| name | breakdown-epic-arch |
| description | Prompt for creating the high-level technical architecture for an Epic, based on a Product Requirements Document. |
Epic Architecture Specification Prompt
Goal
Act as a Senior Software Architect. Your task is to take an Epic PRD and create a high-level technical architecture specification. This document will guide the development of the epic, outlining the major components, features, and technical enablers required.
Context Considerations
- The Epic PRD from the Product Manager.
- Modular monolith architecture pattern with Clean Architecture layers (Domain, Application, Infrastructure) per module.
- .NET 10 / ASP.NET Core / Blazor stack with interactive server-side rendering.
- .NET Aspire for distributed application orchestration, service discovery, and observability.
- Aspire AppHost as the orchestration entry point — wiring services, infrastructure resources, and references.
- Entity Framework Core for data access.
- Azure Container Apps as the primary deployment target via
aspire publish.
Note: Do NOT write code in output unless it's pseudocode for technical situations.
Output Format
The output should be a complete Epic Architecture Specification in Markdown format, saved to /docs/ways-of-work/plan/{epic-name}/arch.md.
Specification Structure
1. Epic Architecture Overview
- A brief summary of the technical approach for the epic.

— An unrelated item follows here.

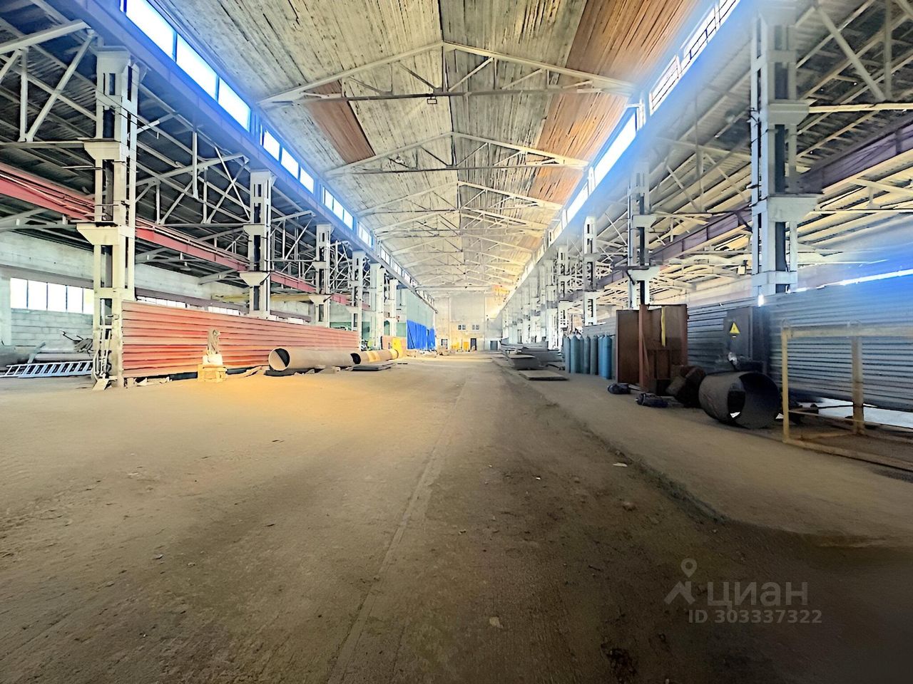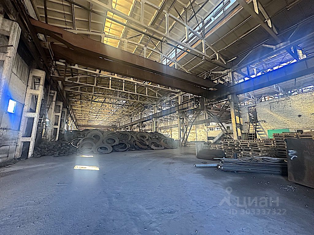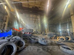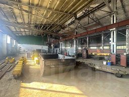 - Производственный корпус общей площадью 2200 м2. Состоит из двух продольных пролётов 18х60 м. Высота потолков 12 м. В цеху установлены мостовые краны грузоподъёмностью 7,5-15 т.

2. System Architecture Diagram
Create a comprehensive Mermaid diagram that illustrates the complete system architecture for this epic. The diagram should include:
- User Layer: Show how different user types (web browsers, mobile apps, admin interfaces) interact with the system
- Aspire AppHost Layer: Depict the Aspire orchestrator and how it wires resources, service discovery, and health checks
- Application Layer: Show Blazor Server frontend, ASP.NET Core Minimal API endpoints, and background services
- Module Layer: Illustrate the modular monolith structure — each module (e.g., Orders, Inventory) with its Domain, Application, and Infrastructure layers
- Data Layer: Show databases, caching (Redis), and external API integrations as Aspire-managed resources
- Observability Layer: Represent the Aspire Dashboard providing logs, traces, and metrics across all services
Use clear subgraphs to organize these layers, apply consistent color coding for different component types, and show the data flow between components. Include both synchronous request paths and asynchronous processing flows where relevant to the epic. Use .WithReference() and .WaitFor() semantics to illustrate Aspire resource dependencies.

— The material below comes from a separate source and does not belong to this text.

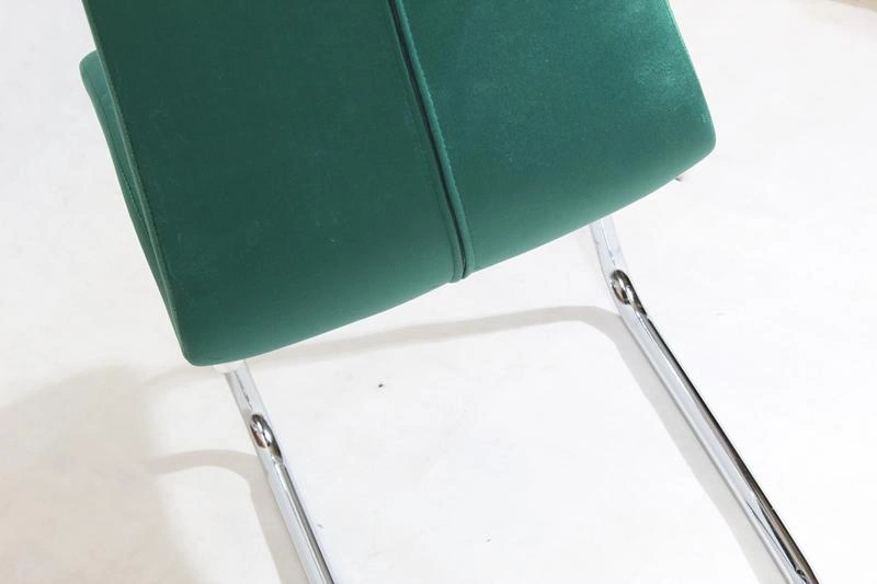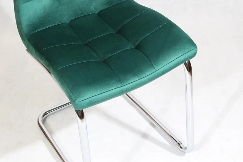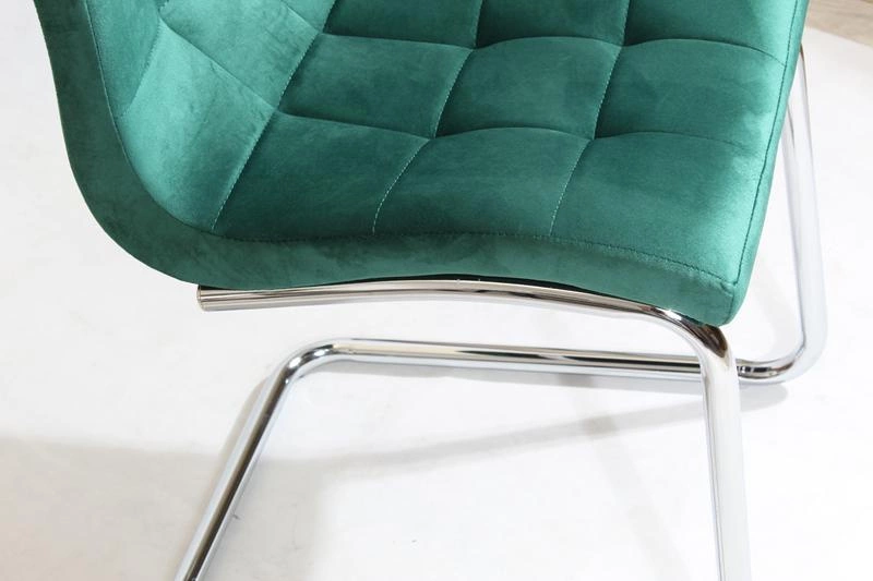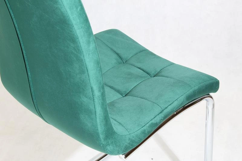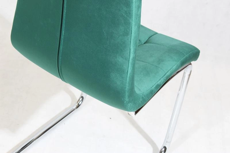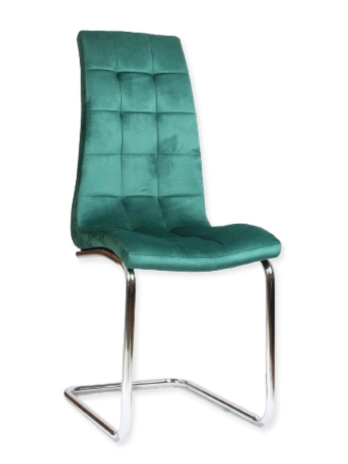 - Stylowe krzesło CORSO A w zielonym welurze na srebrnych płozach to połączenie elegancji i nowoczesności. Dekoracyjne przeszycia i smukła forma sprawiają, że idealnie pasuje do jadalni, salonu lub gabinetu.

3. High-Level Features & Technical Enablers
- A list of the high-level features to be built.
- A list of technical enablers (e.g., new modules, Aspire integrations, infrastructure resources) required to support the features.
4. Technology Stack
- A list of the key technologies, frameworks, and libraries to be used.
- Relevant Aspire integrations (e.g.,
Aspire.Hosting.Redis, Aspire.Hosting.PostgreSQL).
5. Technical Value
- Estimate the technical value (e.g., High, Medium, Low) with a brief justification.
6. T-Shirt Size Estimate
- Provide a high-level t-shirt size estimate for the epic (e.g., S, M, L, XL).